Here's a nice easy way I found:

h <- hist(g, breaks = 10, density = 10,
          col = "lightgray", xlab = "Accuracy", main = "Overall") 
xfit <- seq(min(g), max(g), length = 40) 
yfit <- dnorm(xfit, mean = mean(g), sd = sd(g)) 
yfit <- yfit * diff(h$mids[1:2]) * length(g) 

lines(xfit, yfit, col = "black", lwd = 2)

Solution 2

You need to find the right multiplier to convert density (an estimated curve where the area beneath the curve is 1) to counts. This can be easily calculated from the hist object.

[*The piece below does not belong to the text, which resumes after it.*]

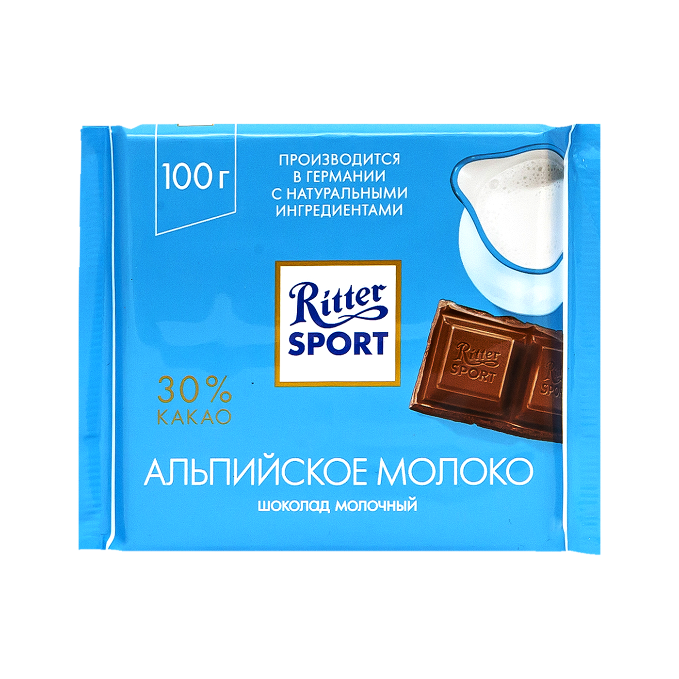 Шоколад молочный RITTER SPORT с альпийским молоком, 100 г
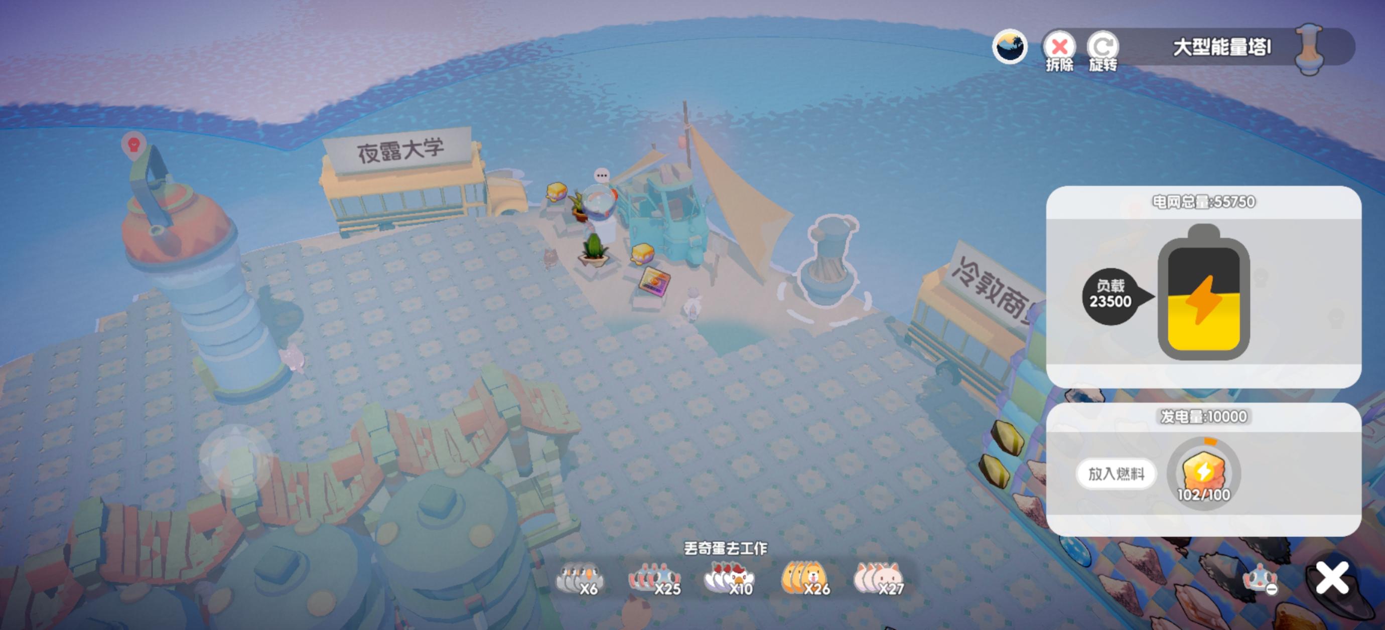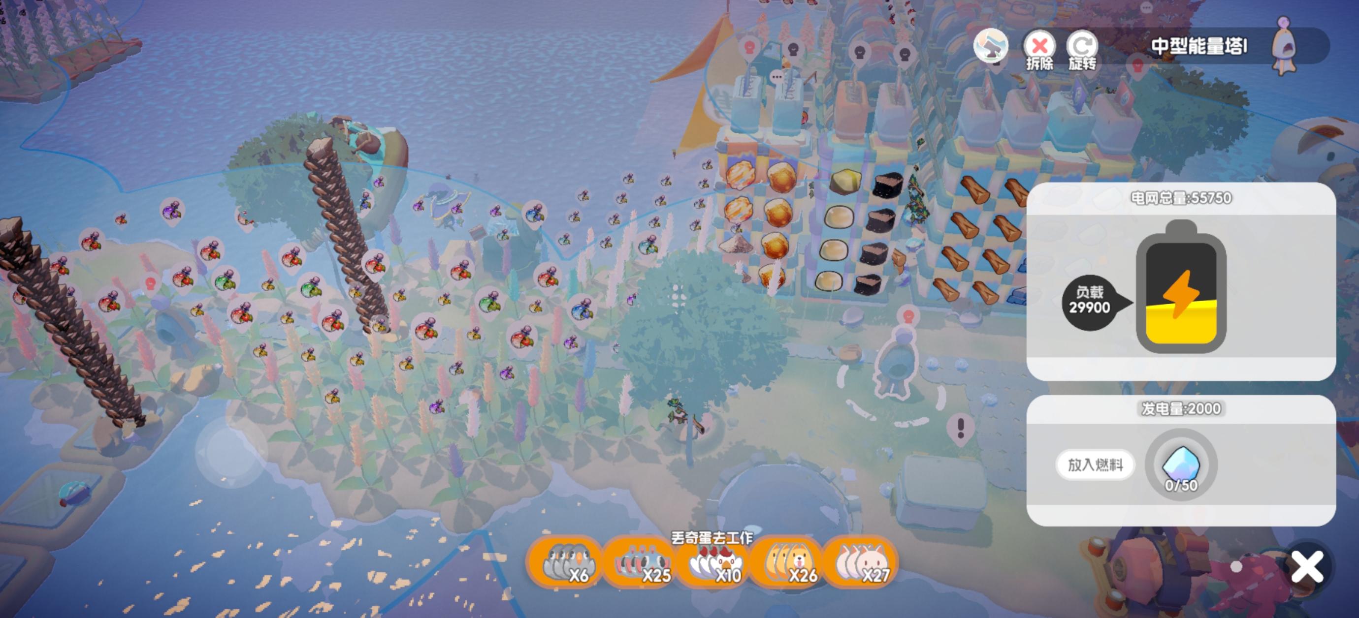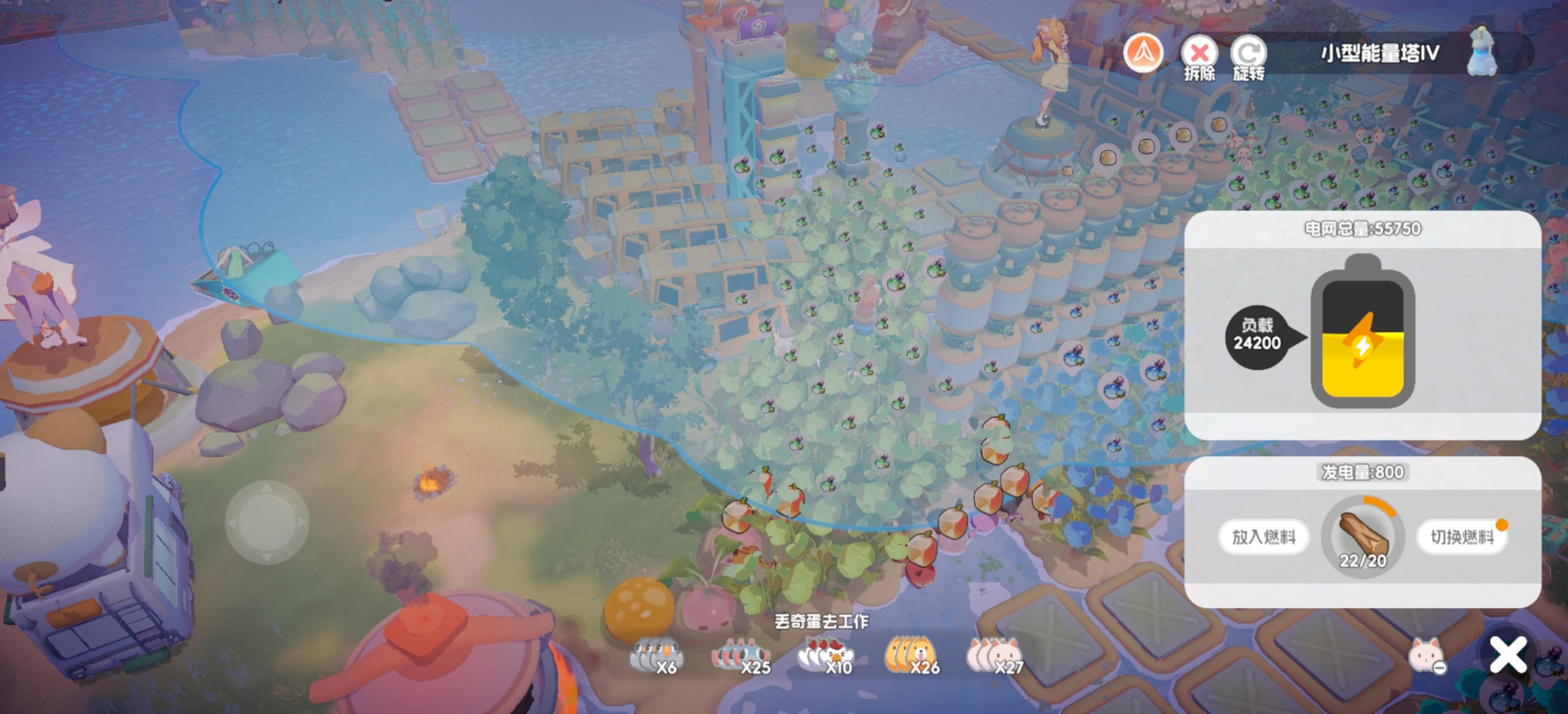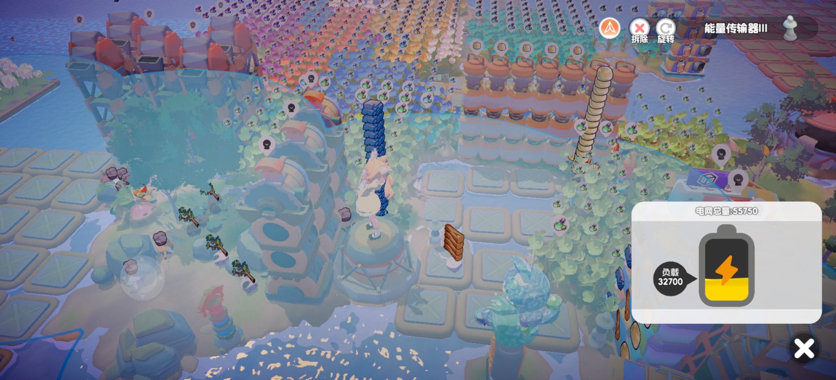 电网系统,这是我在其他游戏里面没有见到的设定(估计是玩的游戏少)。在游戏里面只有在电网覆盖的地方,设备才能正常工作,不然效率慢的你受不了。随着游戏等级的提升,发电设备也会更新换代,燃烧的材料也不同。但是这里面每一种不同的燃料都有重新制造一个新的发电设备,而不是一个设备升级可以使用多种燃料,这个可以整合一下。这个电网系统有意思或者说骚操作的地方在于你可以在一个岛上面做一个大的发电基地,然 后用类似于

myhist <- hist(mtcars$mpg)
multiplier <- myhist$counts / myhist$density
mydensity <- density(mtcars$mpg)
mydensity$y <- mydensity$y * multiplier[1]

plot(myhist)
lines(mydensity)

enter image description here

A more complete version, with a normal density and lines at each standard deviation away from the mean (including the mean):

myhist <- hist(mtcars$mpg)
multiplier <- myhist$counts / myhist$density
mydensity <- density(mtcars$mpg)
mydensity$y <- mydensity$y * multiplier[1]

plot(myhist)
lines(mydensity)

myx <- seq(min(mtcars$mpg), max(mtcars$mpg), length.out= 100)
mymean <- mean(mtcars$mpg)
mysd <- sd(mtcars$mpg)

normal <- dnorm(x = myx, mean = mymean, sd = mysd)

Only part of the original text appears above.